DROID Annotations

This repo contains additional annotation data for the DROID dataset which we completed after the initial dataset release.

Concretely, it contains the following information:

the full language annotations for the DROID dataset (3x annotations for 95+% of the 75k successful demonstrations)
higher-accuracy camera calibrations (for 36k episodes)

Language Annotations

The released RLDS dataset only contains a subset of the language labels. Here, we provide a single json file with a mapping from episode ID to three natural language annotations, for 75k success episodes in DROID (95% of all DROID success episodes).

Camera Calibrations

The original DROID release included noisy camera calibrations. In post-hoc processing, we generated more accurate extrinsic camera calibration parameters for a subset of the DROID episodes. Concretely, we provide the following three calibration files:

cam2base_extrinsics.json: Contains ~36k entries with either the left or right camera calibrated with respect to base.
cam2cam_extrinsics.json: Contains ~90k entries with cam2cam relative poses and camera parameters for all of DROID.
cam2base_extrinsic_superset.json: Contains ~24k unique entries, total ~48k poses for both left and right camera calibrated with respect to the base.

These files map episodes' unique ID (see Accessing Annotation Data below) to another dictionary containing metadata (e.g., detection quality metrics, see Appendix G of paper), as well as a map from camera ID to the extrinsics values. Said extrinsics is represented as a 6-element list of floats, indicating the translation and rotation. It can be easily converted into a homogeneous pose matrix:

from scipy.spatial.transform import Rotation as R

# Assume extrinsics is that 6-element list
pos = extrinsics[0:3]
rot_mat = R.from_euler("xyz", extracted_extrinsics[3:6]).as_matrix()

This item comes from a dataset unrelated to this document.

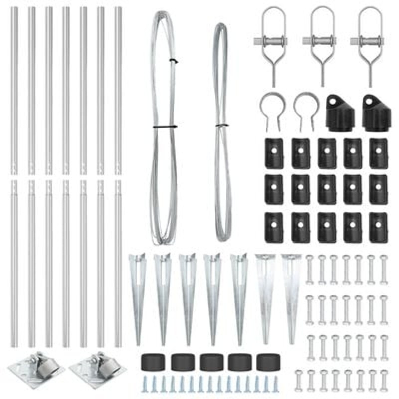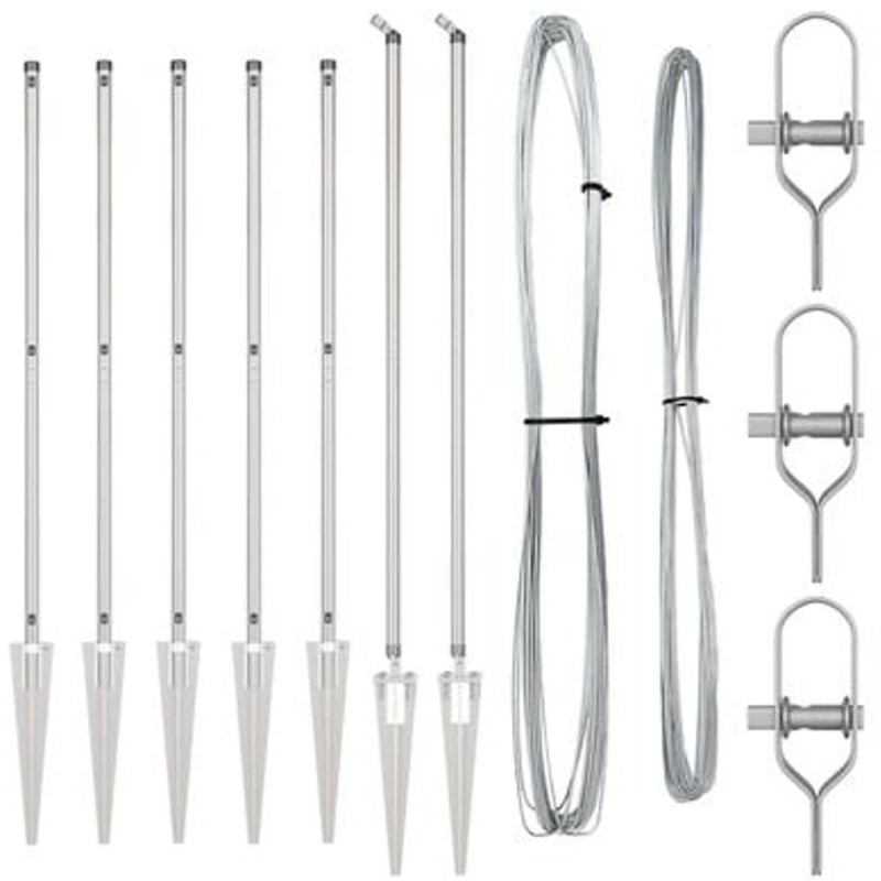 - Wysyłka zawiera: 5 x Słup, 2 x Słup kątowy, 5 x Szpilka, 2 x Szpilka kątowa, 5 x Kap, 15 x Wsparcie napinacza z plastiku, 15 x Śruba w plastikowym wsparciu, 2 x Wieczko słupa kątowego, 2 x Akcesoria słupa kątowego, 3 x Napinacz, 1 x 25m drut wiążący, 1 x 33m drut napinający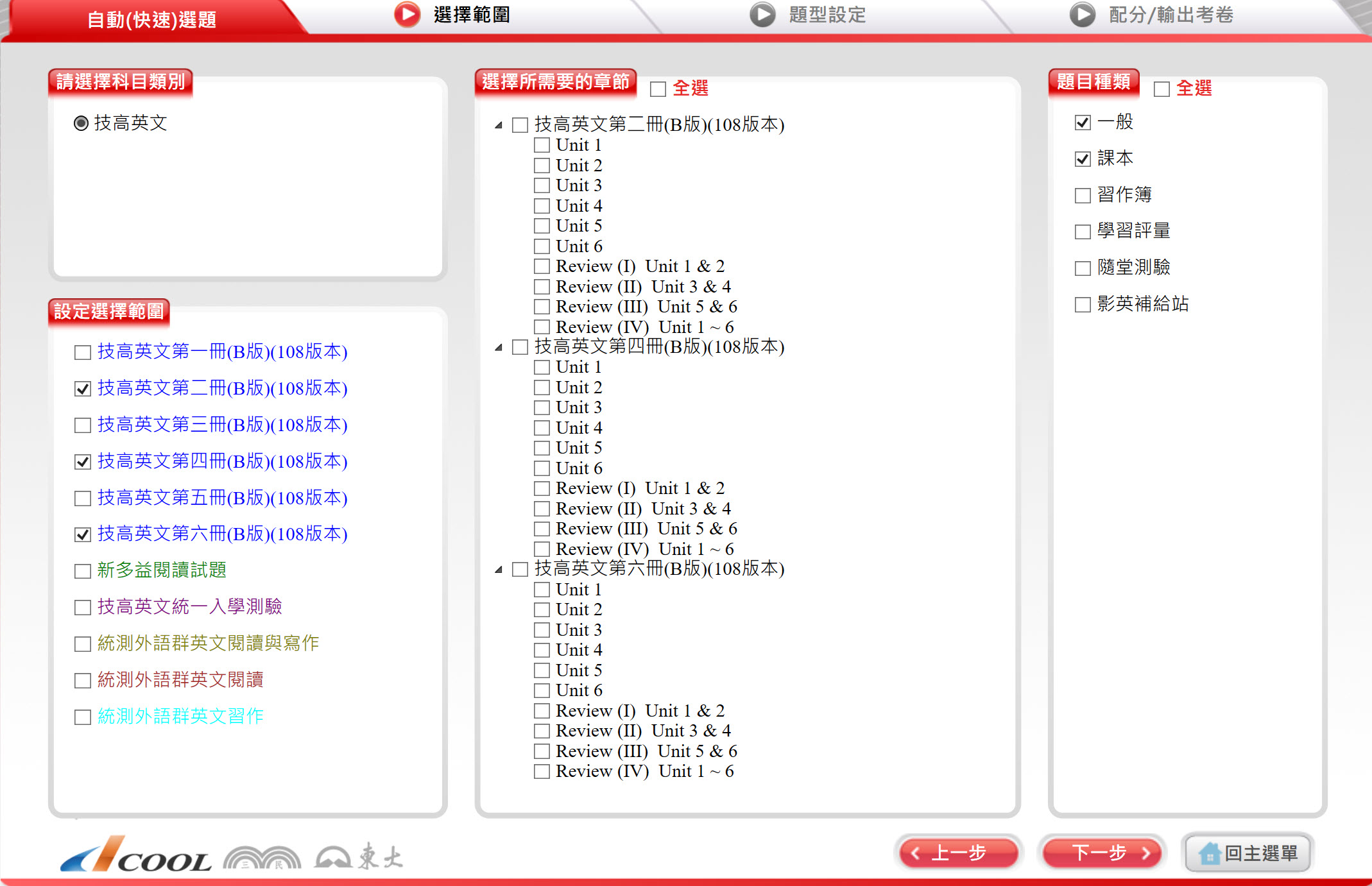 111學年下學期 技術高中命題光碟 三民東大版 英文科(B版 1-6冊)(108課綱) 題庫光碟

# Make homogenous transformation matrix
cam_to_target_extrinsics_matrix = np.eye(4)
cam_to_target_extrinsics_matrix[:3, :3] = rot_mat
cam_to_target_extrinsics_matrix[:3, 3] = pos

This represents a transformation matrix from the camera's frame to the target frame. Inverting it gets the transformation from target frame to camera frame (which is usually desirable, e.g., if one wants to project a point in the robot frame into the camera frame).

As the raw DROID video files were recorded on Zed cameras and saved in SVO format, they contain camera intrinsics which can be used in conjunction with the above. For convenience, we have extracted and saved all these annotations to intrinsics.json (~72k entries). This json has the following format:

<episode ID>:
    <external camera 1's serial>: [fx, cx, fy, cy for camera 1]
    <external camera 2's serial>: [fx, cx, fy, cy for camera 2]
    <wrist camera 1's serial>: [fx, cx, fy, cy for wrist camera]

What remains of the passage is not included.